Updated: Jan 25
by Woodland Crisfield
With online learning taking place, MCPS leaders are looking to replace snow days with remote instruction. Photo: Billings Gazette.
With the COVID-19 pandemic introducing a new era of remote learning, MCPS students could see snow days become a thing of the past.
The MCPS academic calendar has traditionally featured four built-in snow days in anticipation of any potential weather-related closures. If the county goes over that limit, they can either cut spring break short or extend the academic year further into the summer.
With county schools completely online now, some leaders see an opportunity to replace potential snow days with online class days for students to receive instruction at home.
When the pandemic forced school facilities to shut down, MCPS worked to ensure that each student had a computer and access to a WiFi hotspot. Since closure began in March 2020, the school district has distributed 133,000 chromebooks to students and 22,000 to staff members.
In the September 10th school board meeting, MCPS Superintendent, Dr. Jack Smith, suggested the idea of replacing snow days with instructional days at home.

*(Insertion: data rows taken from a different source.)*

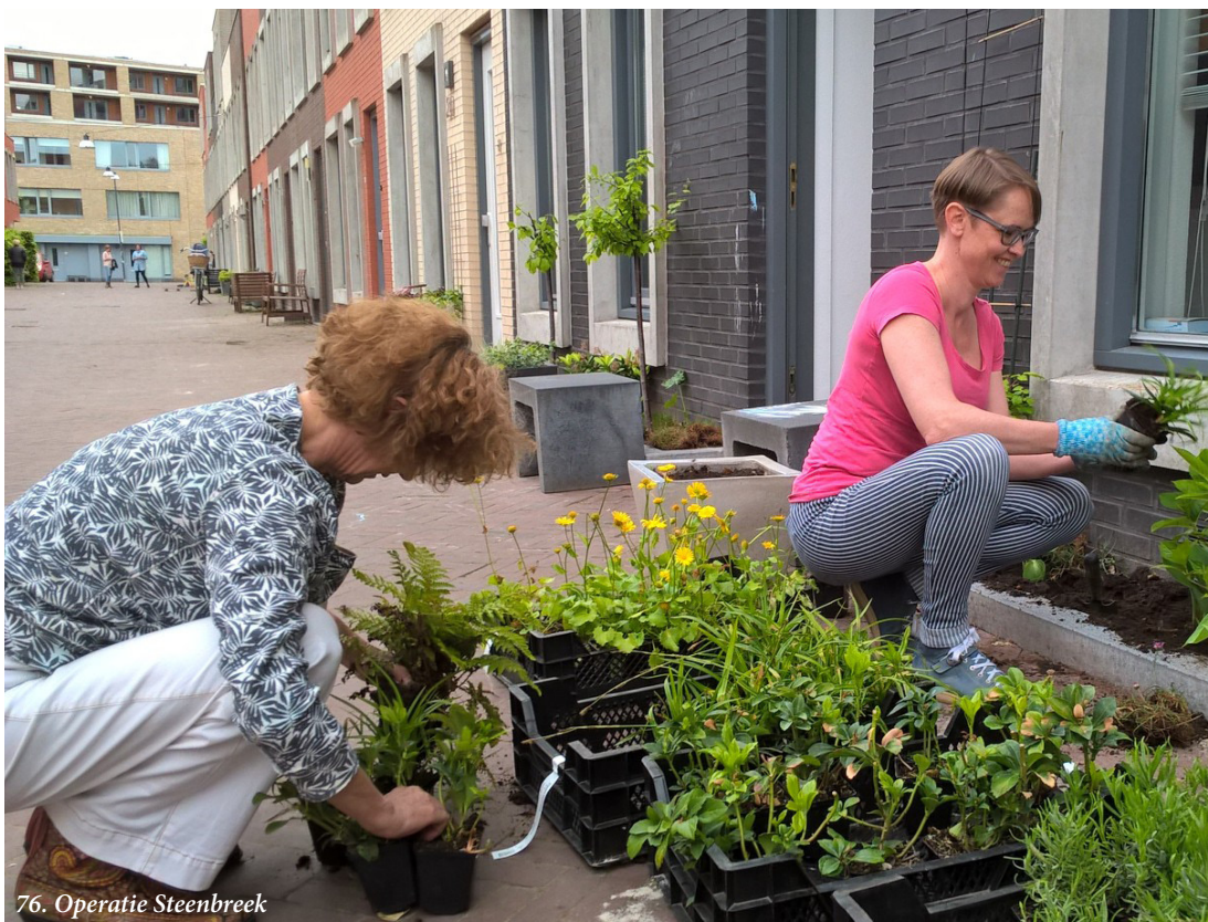
76. Operatie Steenbreek

Een ongunstige, landelijke trend van de afgelopen decennia is het verharden van tuinen. Verharden of verstenen leidt tot minder infiltratie in de bodem en meer afvoer naar de riolering. Precies het omgekeerde dus van wat we met groene daken beogen. Om deze trend om te buigen, werken we samen met de werkgroep Operatie Steenbreek en de Natuur- en Milieufederatie Groningen. Het blijkt dat kleine, lokale maatregelen heel effectief zijn. Zo kunnen inwoners bijvoorbeeld een geveltuin aanleggen, een boomtuin adopteren of de directe omgeving van de straat of speeltuin vergroenen onder de noemer “Tegel eruit, plant erin”. Ze verhogen bovendien de bewustwording dat klimaatadaptatie en het versterken van de biodiversiteit noodzakelijk zijn. Operatie Steenbreek wordt vanuit het Groninger Water en Rioleringsplan gefinancierd.
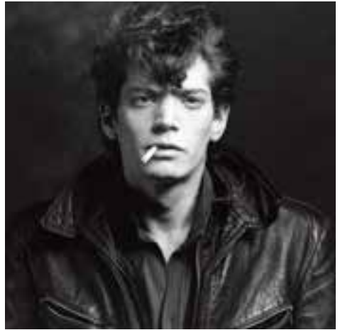
Robert Mapplethorpe Self Portrait 1980

Cafodd Mapplethorpe foddhad mawr wrth gymryd ffotograffau Polaroid yn eu rhinwedd eu hunain ac ym 1973 cynhaliwyd ei arddangosfa solo gyntaf yn arddangos lluniau polaroid yn y Light Gallery yn ninas Efrog Newydd. Dwy flynedd yn ddiweddarach cafodd gamera fformat cymhedrol Hasselblad a dechreuodd gymryd ffotograffau o'i ffrindiau a'i gydnabod – artistiaid, cerddorion, ffigyrau amlwg mewn cymdeithas, sêr ffilmiau pornograffaid, ac aelodau is-ddaear Efrog Newydd.
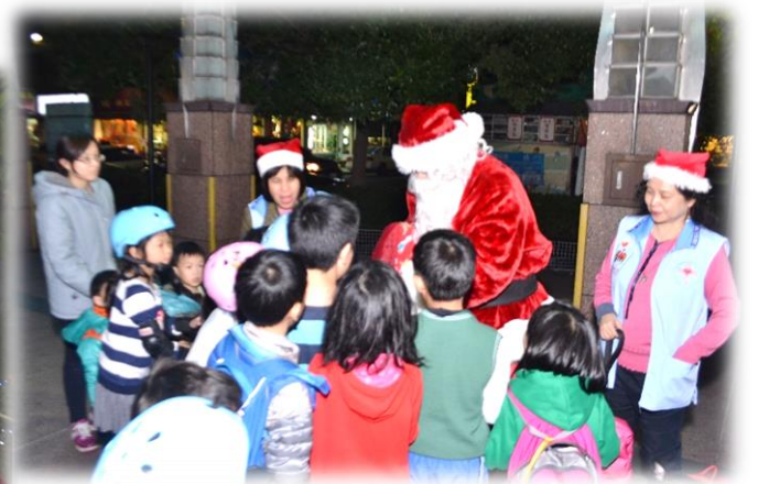
聖誕老公公與粉絲
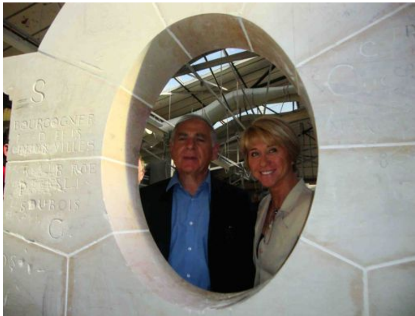
Région et Etat soutiennent la Pierre de Bourgogne
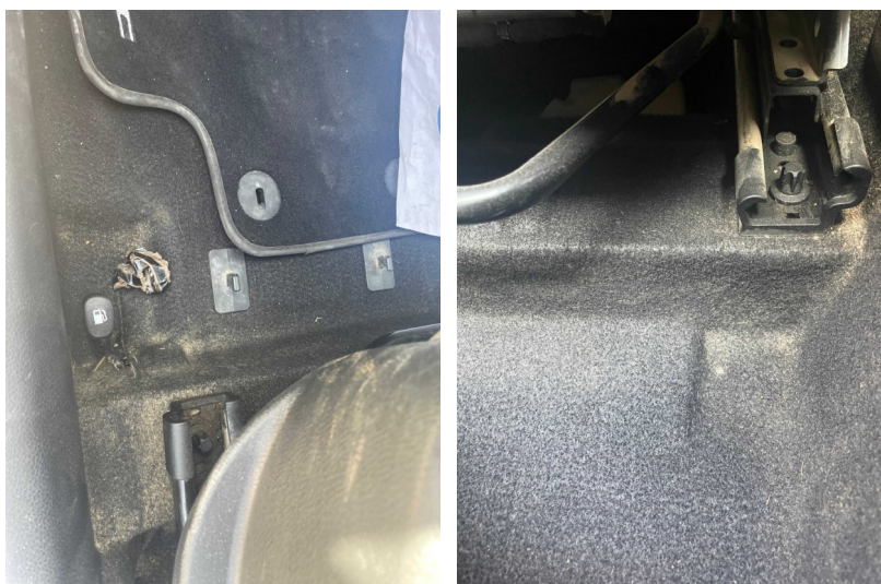
Vista parte delantera del vehículo
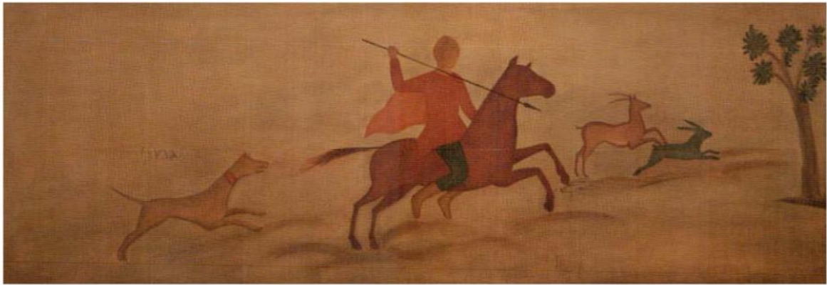
Мал. 5. Склеп №2/2008. Сцена полювання на козулю та зайця (за: О. Рішетняк, О. Садова, Є. Туровський, А. Філіпенко)
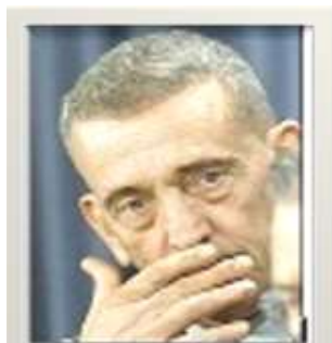
General Franks has given conflicting reports of US aims

مروری بر اخبار رسانه ها، مطلب ذیل توجه نویسنده را بخود جلب نمود. به تاریخ ۹ "نومبر" ۲۰۰۱م، که درست ۳۳ روز از آغاز عملیات بمب باران های هوایی (۷ اکتوبر ۲۰۰۱م) می گذشت، "بی بی سی" در تحت عنوان: "تحلیل: پیغام کنترل در جنگ افغانستان" را با تصاویر منتشر ساخته است. (این تصویر نمایانگر مظاهره است، که در گزارش واضح ذکر نشده است، که بر ضد کی و بر ضد چیست. در پایان تصویر می نویسد: "میدیا ها به تبلیغ و کمپاین به خاطر تسخیر قلب ها و اذهان و تغییر نظرات عامه، دست به کار شده اند.")
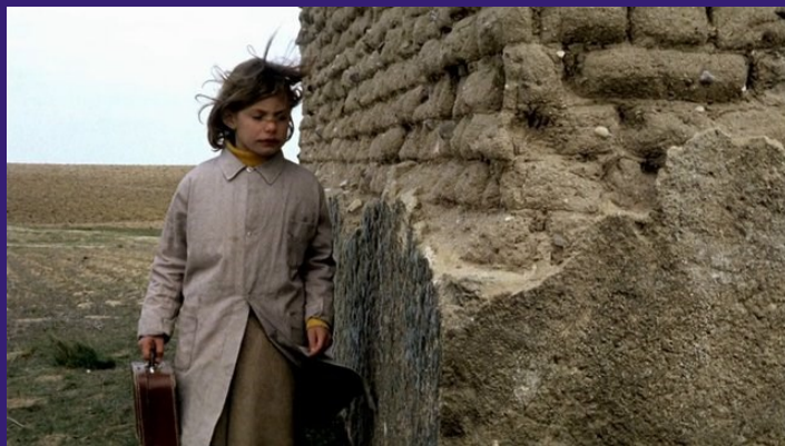
Duch úlu / Španělsko / 1973 / Režie: Victor Erice
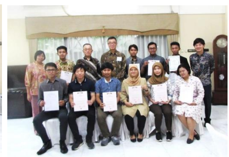
Foto bersama para undangan
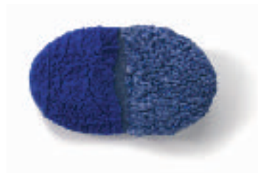
24-TANAKA Misako Oval profile (Profil oval) Feutre, couture à la machine Laine, tissu, papier 20 x 13 x 3 cm.
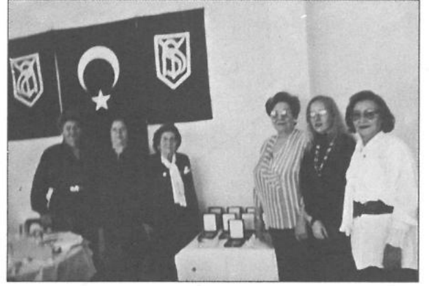
Manisa - Akhisar ödül töreni
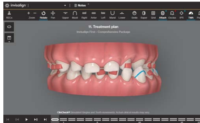
Rycina 3. Stan przed rozpoczęciem leczenia, relacje łuków zębowych i rozmieszczenie attachmentów – widok od przodu na Clincheck.

Figure 3. Status before treatment, dental arches relationships and placement of attachments – a frontal view on Clincheck.
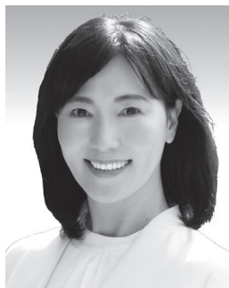
大分県人権教育・啓発推進協議会 人権啓発講師
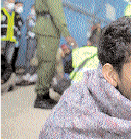
مهاجر تم إنقاذه يستريح في ميناء موديبو بموريتانيا تمهيدا لترحيله إلى بلاده ضمن ٤٠٠ من ضحايا الهجرة غير الشرعية جنحت سفينتهم على شواطئ موريتانيا مؤخرا

وأضاف خلال مؤتمر صحافي في ختام اول زيارة له لباكستان لن ترتكب الخطأ ذاته. نحن في أفغانستان على المدى الطويل. وأجرى وزير الدفاع الأميركي محادثات مع الرئيس الباكستاني برويز مشرف في اطار جهود تبذلها واشنطن للحصول على دعم تمهيدا لشن هجوم على حركة طالبان في أفغانستان في الربيع. من جانبه صرح القائد السابق للقوات الأمريكية في أفغانستان ان الولايات المتحدة تعتقد ان زعيم
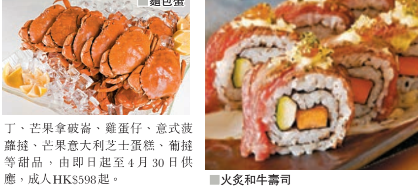
麵包蟹 火炙和牛壽司
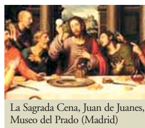
La Sagrada Cena, Juan de Juanes, Museo del Prado (Madrid)
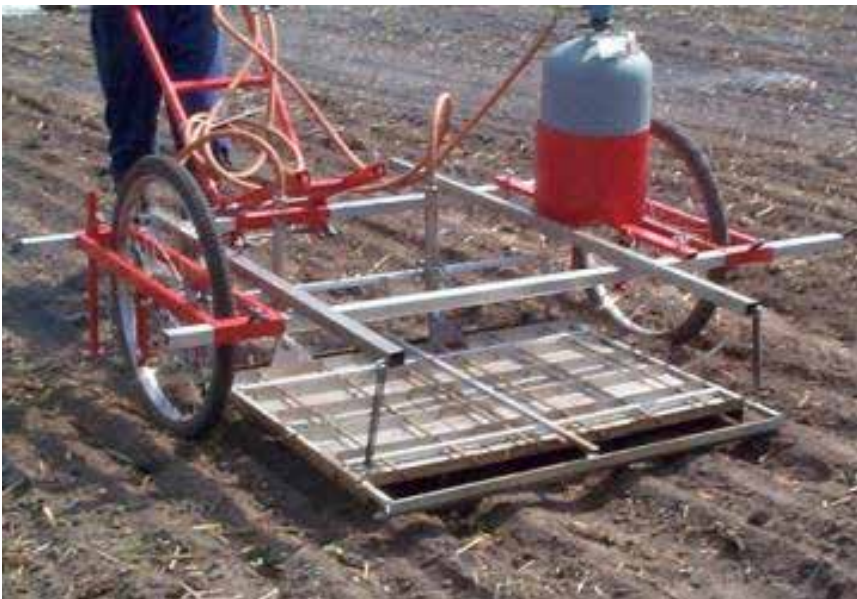
Redskapsbäraren Weed Master, här utrustad för bredflämning.

Som tillbehör till redskapsbäraren Weed Master, finns utrustning för bredflämning eller bandflämning. Aggregatet för bredflämning är 103 cm brett och används för flämning av hela bädden före grödans uppkomst. Det består av två eller tre brännare av fabrikatet Reinert. Varje brännare har en gasolförbrukning på 2 kg/h. Brännarna kan även monteras för selektiv flämning i raden. På ramen finns plats för en 11 kg gasolflaska. För radflämning används två 20 cm breda brännare per rad för flämning i raden före uppkomst eller mellan raderna efter uppkomst. Flämningsaggregatet kostar 10 300 kr med två brännare.
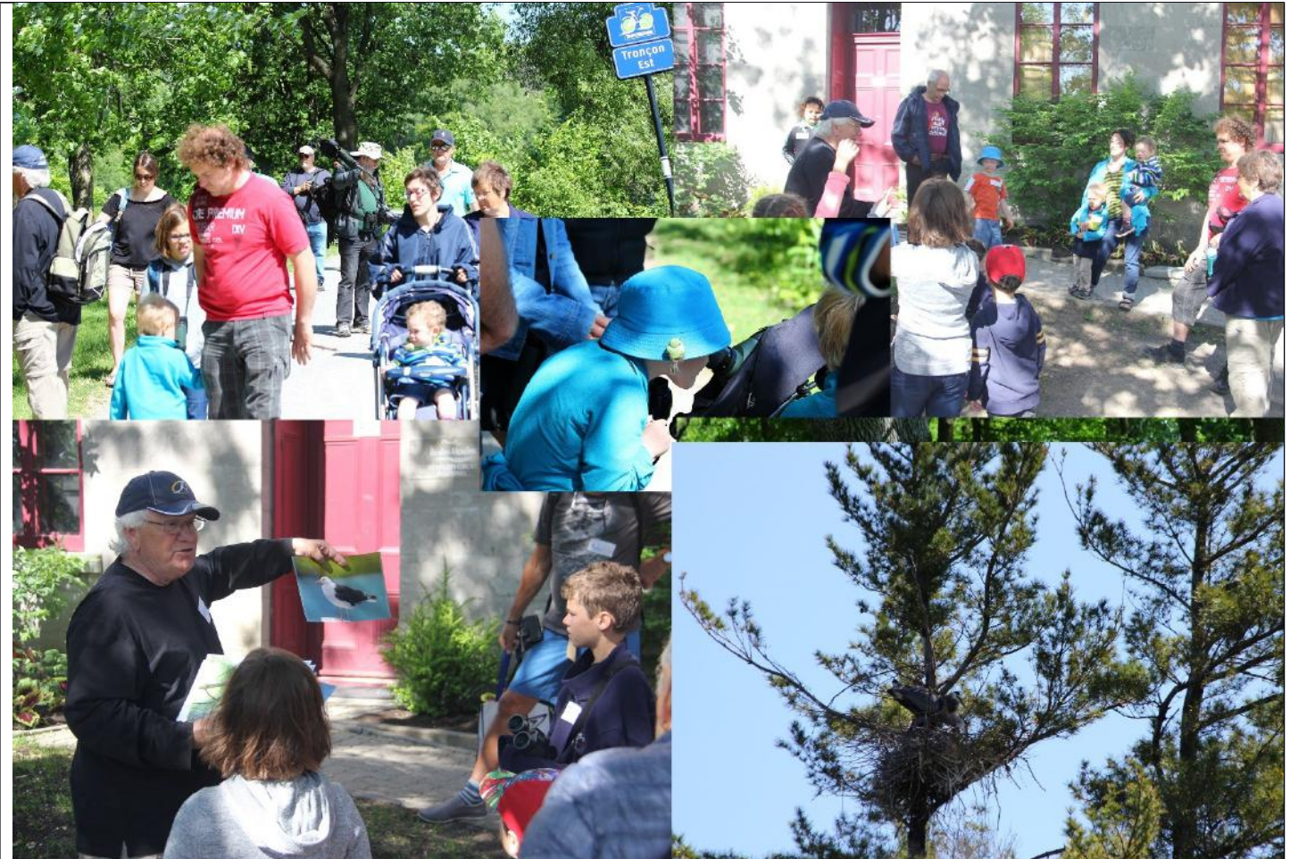
Figure 1
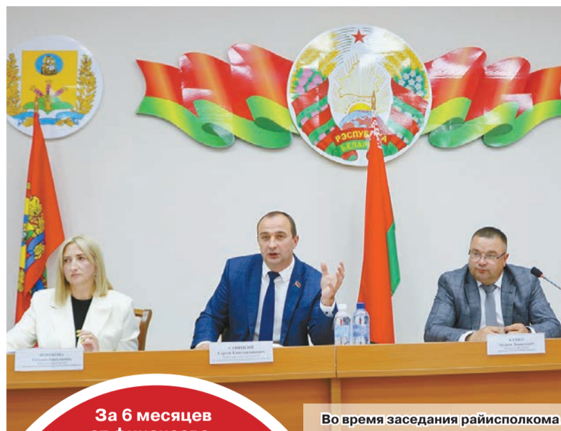
Во время заседания райисполкома

За 6 месяцев от финансово-хозяйственной деятельности по району получена выручка от реализации продукции, товаров, работ и услуг в сумме 292,8 млн рублей. Обеспечен рост чистой прибыли, положительный уровень рентабельности. Количество убыточных организаций сократилось до 6.
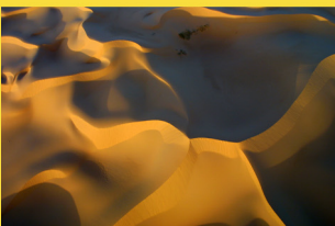
Dunes de Tala vues du ciel
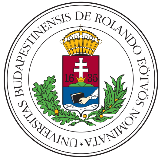
(b) Donec hendrerit quis dui sit amet venenatis
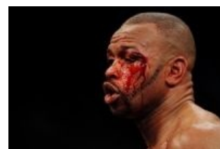
Рой Джонс внемлет аргументам

читерский приём, позволяющий выиграть не выводя противника в астрал. Даже если по очкам идёт проигрыш, сделать это (теоретически) не очень сложно — достаточно навесить противнику хорошее рассечение или иное увечье, которое не позволит ему спокойно продолжать бой. Чем пафоснее состязание и ближе к победе была жертва технического нокаута, тем фееричнее следующие за этим бурления говна и эпичнее срачи и драмы. Например, победа Дэнни Грина в поединке с Роем Джонсом за титул чемпиона. Формальным поводом стала замусоленная кровью морда Джонса — несмотря на то, что он ещё передвигался по рингу, бой прекратили.
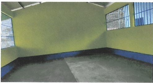
SUSTITUCIÓN DE PISO DE TORTA DE CONCRETO
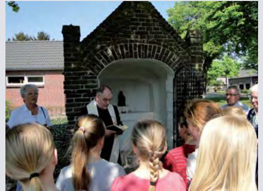
De inzegening van de Annakapel

Het was behoorlijk verwaarloosd en stond vrijwel onzichtbaar tussen de struiken. We hebben het mooi opgeknapt en geschilderd. In Venray hebben ze voor ons ook een nieuw, vandalisme bestendig corpus gegoten. Het kruis werd ingezegend op Goede Vrijdag 2011.
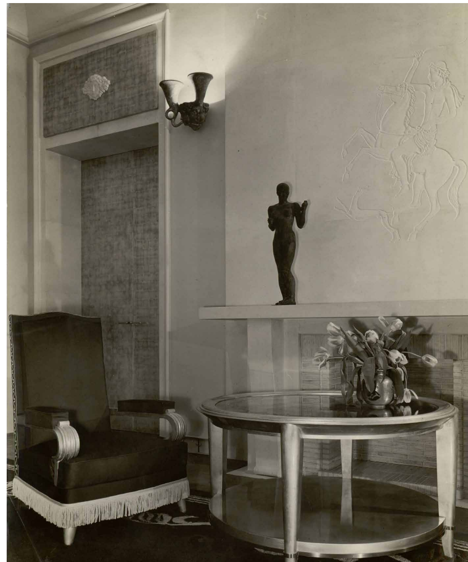
Marcel Dupuis Vue du coin du fumoir de l'appartement de M me Petersen, décoré par André Arbus 1938 Fonds Arbus Photo: Les Arts Décoratifs Paris
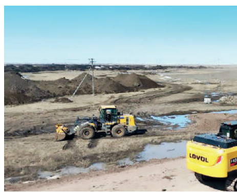
Аудан әкімдігінің мәліметінше, қала көшелерінен қыс бойы 180 мың текше метрден астам қар шығарылған.

Жаңа сайын қарғын судың зардабын жиі тартатын аймақта дүлей тасқынның алдын алу мақсатында бөлінген қаржыландыру да аз емес. Атап айтқанда, жарылыс жұмыстарына – 50 миллион теңге, жанар-жағармайға – 15 миллион, ал алдын алу шараларына 187 миллион теңге бөлінді. Бұл қаражатқа каналдар тазартылып, қорғаныс бөгендері нығайтылып, сонымен қатар жаналары салынған. Ауданда барлығы 22 су өткізу нысаны орнатылып, 39 мың қап пен 10 мың тоннадан астам инертті материал дайындалған. Бұдан бөлек, 31 жана мотопомпа сатып

“In my view of the world, this digital platform—this digital experience—is never going to go away entirely and we don't want it to because even in the best world, I never want to have a snow day again.”
Smith continued, “I just don't think there's use for it ever again, to have to make up a snow day.”
As of now, the school district has not formally announced that snow days are officially being eliminated. However, Superintendent Smith has stated that people are pursuing the idea.
This potential decision has elicited varying reactions from teachers and students alike. Northwood sophomore Roy Bridgewater was dismayed to hear the news.
“I don't think it will make much of a difference because normally we only have a couple, but it sucks that we will probably have no more snow days.”
Junior Hose Haile expressed a similar sentiment. “It is what it is; if that's what they decide, we'll just have to accept it.”
For many in the MCPS community, the ability to have instruction on a snow day is understandable. But nothing matches the thrill that many students feel when waking up on a cold wintry day and hearing the news that school has been closed.
Social studies teacher Daniel Stein may have said it best. “I understand why they are getting rid of snow days during online learning but that first day that would normally be a snow day is going to be a sad one.”